Больше всего я раздражаюсь, конечно, на самого себя, и это раздражение удваивается, когда ответ Габриэллы заставляет меня пожалеть о том, что я вообще задал этот вопрос.
— Потому что моя жизнь - ваша, сэр. Делайте все, что хотите, — говорит она с водянистыми глазами, и я смотрю на нее с недоверием.
— Как далеко, Габриэлла? Как далеко простирается твоя покорность? — Вопрос адресован ей, но на самом деле я задаю его себе. Ответа не последовало, и, в конце концов, я думаю, что это хорошо.
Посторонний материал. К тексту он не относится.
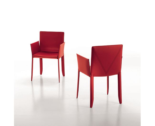 Стул с подлокотниками. Очень легкий стул из коллекции PIUMA. Предлагаются модели с подлокотниками или без. Стальной каркас полностью обит кожей. Швы стандартные. Сзади спинка украшена прострочкой.
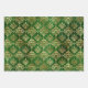 Elégante collection de papier d'emballage vert 3 feuilles avec damas vintage or sur la feuille 1, un motif de rennes d'or sur la feuille 2, et des flocons d'or glittery sur la feuille 3.
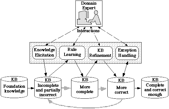 Figure 3 shows the most important processes of the proposed tutoring-based knowledge acquisition. They are Knowledge Elicitation, Rule Learning, KB Refinement, and Exception Handling.
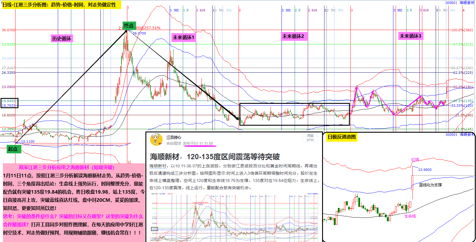贏家江恩三步分析應(yīng)用之海順新材(如期突破)
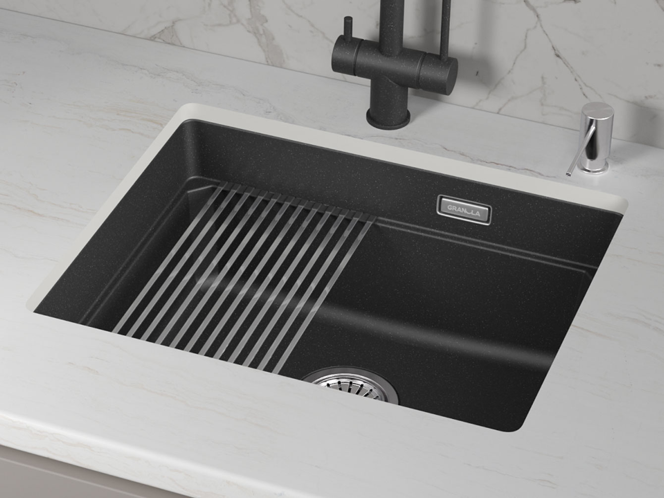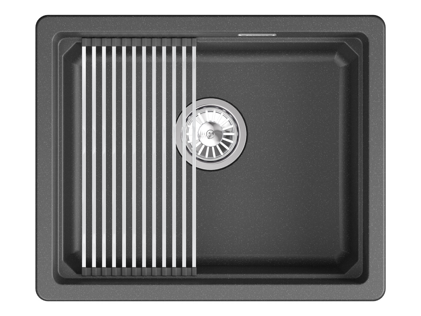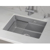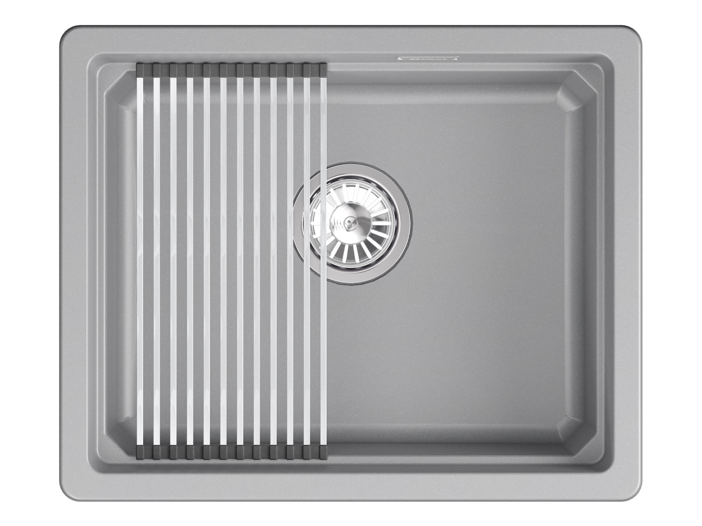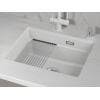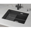 Композитный кварц высокой плотности обеспечивает надежную эксплуатацию на долгие годы. Инновационная конструкция включает удобную площадку для расположения внутри чаши ролл-мата или разделочной доски. Прямоугольный перелив гарантирует безопасность при случайном переполнении воды.
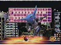 Lunar Wolf readies his Cue, they face off, and Bowling Org rolls his ball at him, the Ranger attempts to hit it with his Cue, but it bounces up and sparkily strikes him, knocking him through some barrels, and leaving him talking in a daze. |

Вполне возможно, что она ответит мне столько, сколько я захочу, и это подорвет тот небольшой контроль, который у меня еще остался. — Заканчивай свои упражнения, Габриэлла, — говорю я, делая два шага в сторону и поворачиваясь к ней спиной, полный решимости отправиться в тренировочный центр Саграды и выместить всю ярость, которую вырабатывает мое тело, на том, кто осмелится выйти со мной на ринг.
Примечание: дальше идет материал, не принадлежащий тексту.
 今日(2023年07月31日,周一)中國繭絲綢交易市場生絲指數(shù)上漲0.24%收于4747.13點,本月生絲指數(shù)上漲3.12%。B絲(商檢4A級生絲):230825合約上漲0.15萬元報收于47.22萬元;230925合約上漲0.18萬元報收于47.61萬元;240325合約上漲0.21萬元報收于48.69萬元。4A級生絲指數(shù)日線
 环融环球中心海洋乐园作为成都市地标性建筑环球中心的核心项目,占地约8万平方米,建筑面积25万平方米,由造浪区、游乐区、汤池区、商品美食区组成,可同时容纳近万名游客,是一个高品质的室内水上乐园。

Я не тот человек, который спрашивает разрешения, чтобы получить желаемое, но я и не тот, над кем довлеют его собственные желания. До сегодняшнего дня эти два условия никогда не сталкивались друг с другом. Там, где господствовало одно, другое не принимало участия. И по сей день, потому что каждый решительный шаг, который я делаю, чтобы оставаться под собственным контролем, уводит меня от Габриэллы, а зверь, живущий под моей кожей, кажется, готов разорвать ее, чтобы получить желаемое.
***
В доме темно, и это хорошо. Смотреть на Габриэллу сейчас было не лучшей идеей. Проведя несколько часов на ринге в тренировочном центре и вырубив там больше половины бойцов, я заперся в офисе и работал, пока ярость на себя не остыла, но от ощущений, вызванных девушкой, я не мог избавиться.
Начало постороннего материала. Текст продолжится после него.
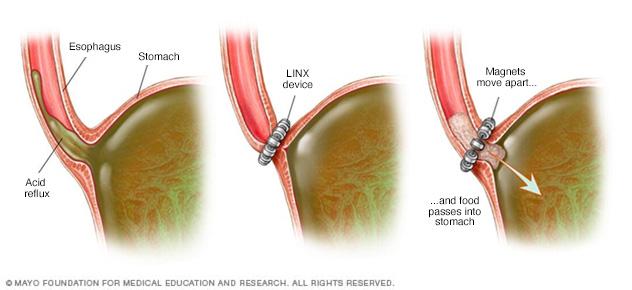 - LINX device. A ring of tiny magnetic beads is wrapped around the junction of the stomach and esophagus. The magnetic attraction between the beads is strong enough to keep the junction closed to refluxing acid, but weak enough to allow food to pass through. The LINX device can be implanted using minimally invasive surgery. The magnetic beads do not affect airport security or magnetic resonance imaging.
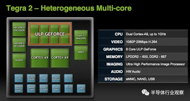 2011年1月,英伟达正式推出了第二代Tegra芯片即Tegra 2,这一代芯片用上了台积电最新的40nm工艺,内置两颗频率为1GHz的ARM Cortex-A9核心,配备GeForce架构的双核GPU,同时还搭载了英伟达自研的音频解码核心与视频编码处理单元。

Не выключая свет, я иду по знакомым коридорам к своему кабинету, папка в моей руке должна быть оставлена там. Однако на пути к нему мое внимание привлекает щель света, и я иду по ее следу, ища ее. Дойдя до коридора библиотеки, я понимаю, что свет исходит именно оттуда.
Там может быть только один человек, и я разворачиваюсь, чтобы идти обратно в свой кабинет, но, оставив папку на столе, направляюсь в свою комнату и понимаю, что не хочу идти кратчайшим путем. Я снова прохожу мимо библиотеки, и свет все еще горит.
Осознание того, что мной управляют импульсы, а не сила воли, снова вызывает у меня раздражение, но это не мешает мне подойти к двери и открыть ее. Однако то, что я обнаруживаю, заставляет меня громко выдохнуть. Она спит…
Габриэлла спит на диване в библиотеке.
Одна ее рука лежит на животе, рядом с открытой книгой, а другая свисает с сиденья. Я отворачиваюсь, слишком хорошо понимая, что собираюсь сделать. Я подхожу к девушке и останавливаюсь перед ней, так же осознавая, что нужно сделать.